The Dalits plan on entering the Khatwa Dev and Regyo temples, both in Chakrata, and the Bisoi shrine in Kalsi.

“Similar efforts were made at Kukurshi Maharaj temple at Gabela village but the temple committee washed the floor with Ganga water later, saying it was desecrated by Dalits,” Kunwar said on Tuesday.

Caste-based temple controversies are nothing new. Former Prime Minister Indira Gandhi was stopped at the gates of the Jagannath temple in Puri as she was deemed an outcast for marrying a non-Hindu.

In 2014, a temple in Bihar’s Madhubani district was “purified” — the shrine cleaned and its idols washed — after a visit by then chief minister Jitan Ram Manjhi, a member of the Musahar community.
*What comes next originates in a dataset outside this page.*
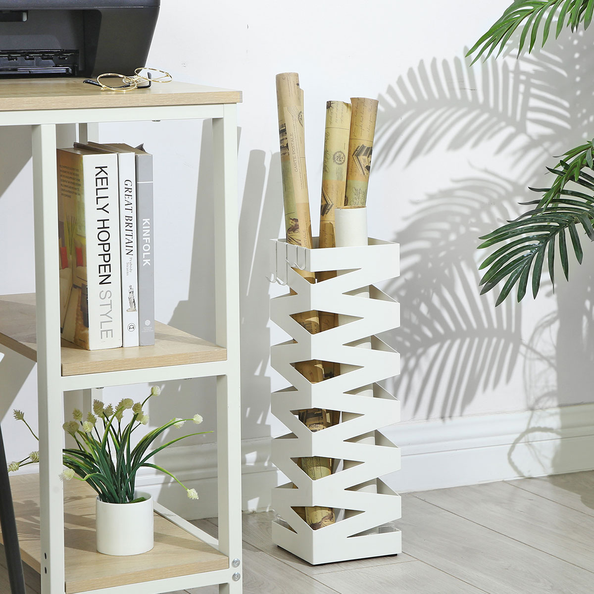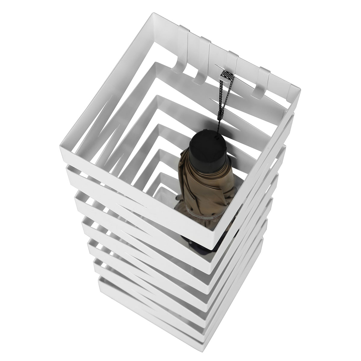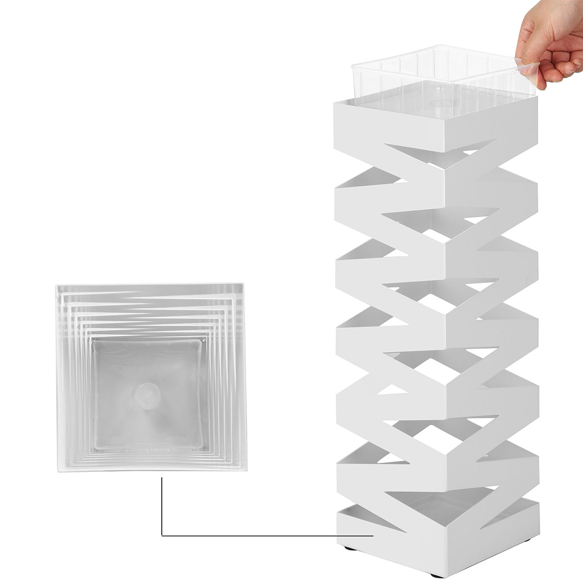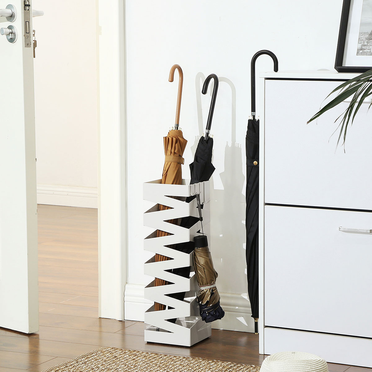 Ομπρελοθήκη με μοντέρνο σχεδιασμό από την εταιρεία Songmics. Είναι κατασκευασμένη από μεταλλικό υλικό σε λευκό χρώμα και έχει αφαιρούμενο πλαστικό δοχείο για να μην καταστρέφεται το δάπεδο από τα νερά. Από την κάτω μεριά έχει τάπες για αποφυγή γρατζουνιών. Διαθέτει 2 μικρά και 2 μεγαλύτερα γαντζάκια για να κρεμάτε τις ομπρέλες. Ιδανική ομπρελοθήκη που θα ταιριάξει σε κάθε σύγχρονο σπίτι.

Caste-centric discrimination, or untouchability, was banned in India in 1955, but centuries-old feudal attitudes persist in many parts of the country and Dalits, who represent 16% of the country’s population, still face prejudice in every sector.

They are sometimes beaten or killed for using a well or worshipping at a temple. The fear of a backlash was palpable among the poor Dalits in Jaunsar-Bhabar region too.

“We want to worship at the temple where we worked as labourers and donated money. But cannot say if it’s going to happen,” said Kripal, a Dalit resident.